Chapter 2: Survey Corps
So its been around 4 weeks into the coding period, a lot of insights and progress so far!
Profiler Class
The good news is that the Profiler class has been successfully implemented in the develop branch and will be available to users by version 0.9.30
.
Link : Profiler PR
Below is a simple example how all steps are printed based on the verbose level:
wmin = 2000
wmax = 3300
wstep = 0.01
T = 3000.0 #K
p = 0.1 #bar
broadening_max_width=10
sf = SpectrumFactory(wavenum_min=wmin, wavenum_max=wmax,
pressure=p,
wstep=wstep,
broadening_max_width=broadening_max_width,
molecule="CO",
cutoff=0, # 1e-27,
verbose=3,
)
sf.load_databank('HITEMP-CO')
s = sf.eq_spectrum(T)
Output:
... Scaling equilibrium linestrength
... 0.01s - Scaled equilibrium linestrength
... 0.00s - Calculated lineshift
... 0.00s - Calculate broadening HWHM
... Calculating line broadening (60869 lines: expect ~ 6.09s on 1 CPU)
...... 0.16s - Precomputed DLM lineshapes (30)
...... 0.00s - Initialized vectors
...... 0.00s - Get closest matching line & fraction
...... 0.02s - Distribute lines over DLM
...... 1.95s - Convolve and sum on spectral range
... 2.14s - Calculated line broadening
... 0.01s - Calculated other spectral quantities
... 2.21s - Spectrum calculated (before object generation)
... 0.01s - Generated Spectrum object
2.22s - Spectrum calculated
Also we can access these steps and the time taken by them using Spectrum.get_conditions()['profiler']
. Also there is a parameter SpectrumFactory.profiler.relative_time_percentage
that stores the percentage of time taken by each steps at a particular verbose level, helpful seeing the most expensive steps in Spectrum calculation.
Legacy Method Complexity
Several Spectrums were benchmarked against various parameters to see it’s correlation and derive its complexity.

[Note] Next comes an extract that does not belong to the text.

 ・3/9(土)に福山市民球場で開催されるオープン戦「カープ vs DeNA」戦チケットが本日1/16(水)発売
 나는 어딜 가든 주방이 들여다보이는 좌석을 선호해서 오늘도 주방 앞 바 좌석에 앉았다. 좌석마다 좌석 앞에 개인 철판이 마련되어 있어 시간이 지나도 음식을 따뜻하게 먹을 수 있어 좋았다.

We used Profiler class with init_database() which stores all parameters of Spectrum along the Profiler in a csv
generated file; all spectrum info got added into the csv file which could be used to do create visualizations to analyze the data. We used Xexplorer
library and Tableau
(a visual analytics platform) to create visualizations. A github repository was created to store the Visualization along the CSV data file of each benchmark.

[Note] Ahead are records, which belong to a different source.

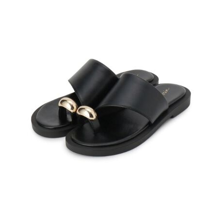 ゴールドモチーフが足元に程よいアクセントを添えるトングフラットサンダル。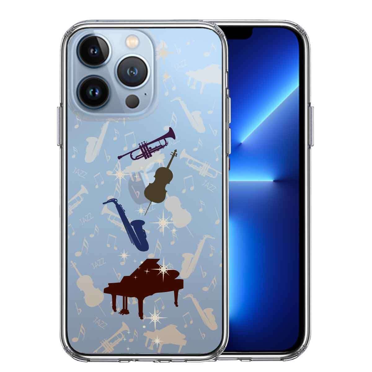 iPhone13 Pro 側面ソフト 背面ハード ハイブリッド クリア ケース JAZZ 2 楽器 音符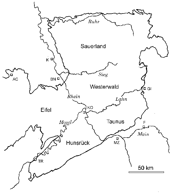 Abb. 1. Das Rheinische Schiefergebirge mit seinen größten Mittelgebirgen, Flüssen und Städten.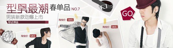 6例是男裝的banner設(shè)計(jì),大家在設(shè)計(jì)男裝時(shí)可以很好的妙用直線條,因?yàn)橹本€條是最好表現(xiàn)男性特征的一個(gè)設(shè)計(jì)元素。在生活中不難看見(jiàn)直線是眾多的男性品牌logo設(shè)計(jì)的根本元素。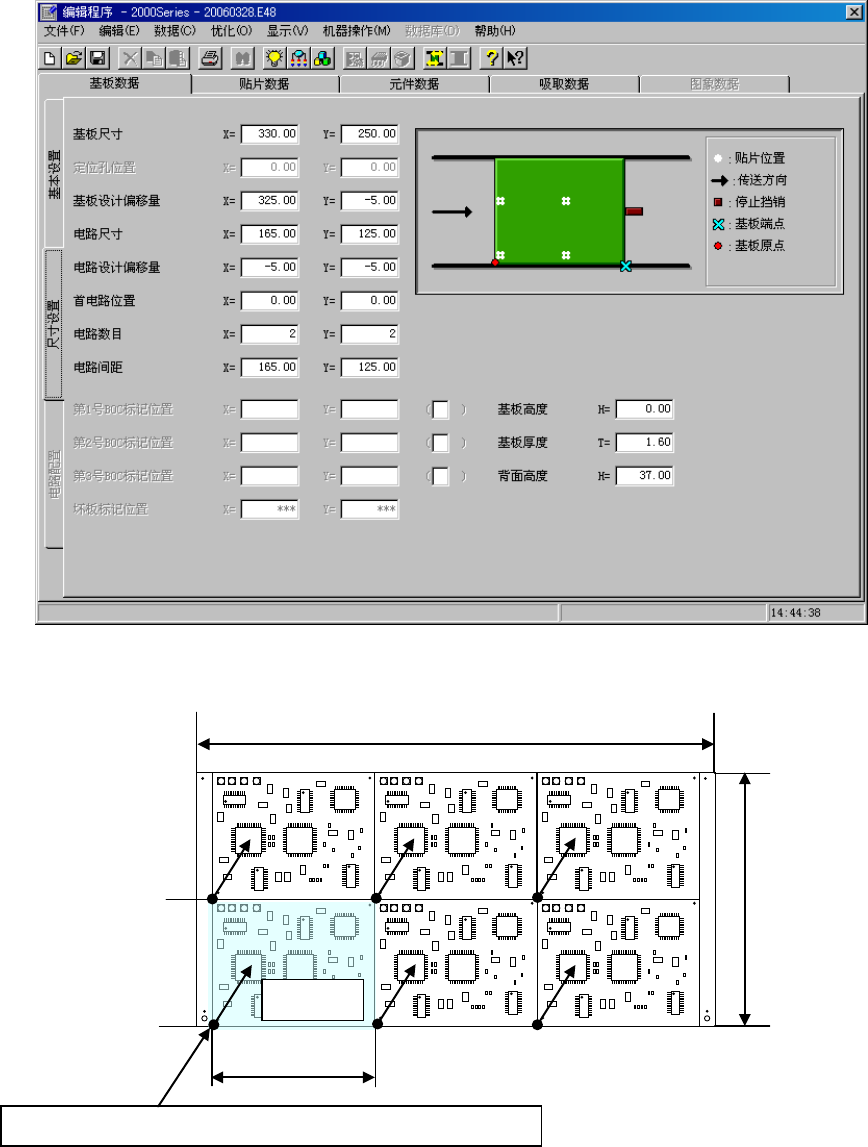 时,通过“定位孔位置”或“基板设计偏移量”指定基板的原点,通过“首电路位置”来指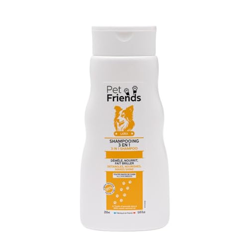 Pet Friends - Shampooing 3 en 1 pour Chiens - Démêle Nourrit et Fait Briller le Pelage - Huile d'Amande Douce - 95% d'Ingrédients d'Origine Naturelle - Toutes Races - 250 ml

Following are the inference of the benchmarks for Legacy Method:
• Calculation Time ∝ Number of lines• Calculation Time ∝ Broadening max width
• Calculation Time ∝ 1/wstep
• Calculation Time not dependent on Spectral Range
So complexity of Legacy method can be derived as: complexity = constant * Number of lines * Broadening Max Width / Wstep
LDM Method Complexity
Similar technique was used to benchmark LDM method. Now LDM uses 2 types of broadening method that are voigt
and fft
. voigt
uses truncation for calculating spectrum in wavenmber space where as fft
calculates spectrum on entire spectral range in fourier space. So benchmarks were done on both methods to compare their performance against various parameters.

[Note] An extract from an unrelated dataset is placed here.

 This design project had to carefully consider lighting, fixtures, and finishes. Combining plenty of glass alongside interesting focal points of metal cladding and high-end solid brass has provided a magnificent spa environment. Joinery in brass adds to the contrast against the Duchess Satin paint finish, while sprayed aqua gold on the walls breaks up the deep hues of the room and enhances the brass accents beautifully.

Spectrum were benchmarked against parameters like Spectral Range, Wstep, Spectral Points, Number of Lines and Broadening Max Width. Following are the inferences.
For fft
:
• Calculation Time ∝ Spectral Points
• Calculation Time ∝ Number of Lines
For voigt
:
• Calculation Time ∝ Spectral Points
• Calculation Time ∝ Number of Lines
• Calculation Time ∝ Broadening Max Width
For LDM we are expecting the following complexity:t_LDM_fft ~ c2*N_lines + c3*(N_G*N_L + 1)*N_v*log(N_v)
t_LDM_voigt ~ c2*N_lines + c3'*(N_G*N_L + 1)*N_truncation*log(N_truncation)
So the goal for the next 2 weeks will be to get the complexity of both voigt
and fft
method and see places for improving both methods and quite possibily create a Hybrid
method taking the best of both worlds.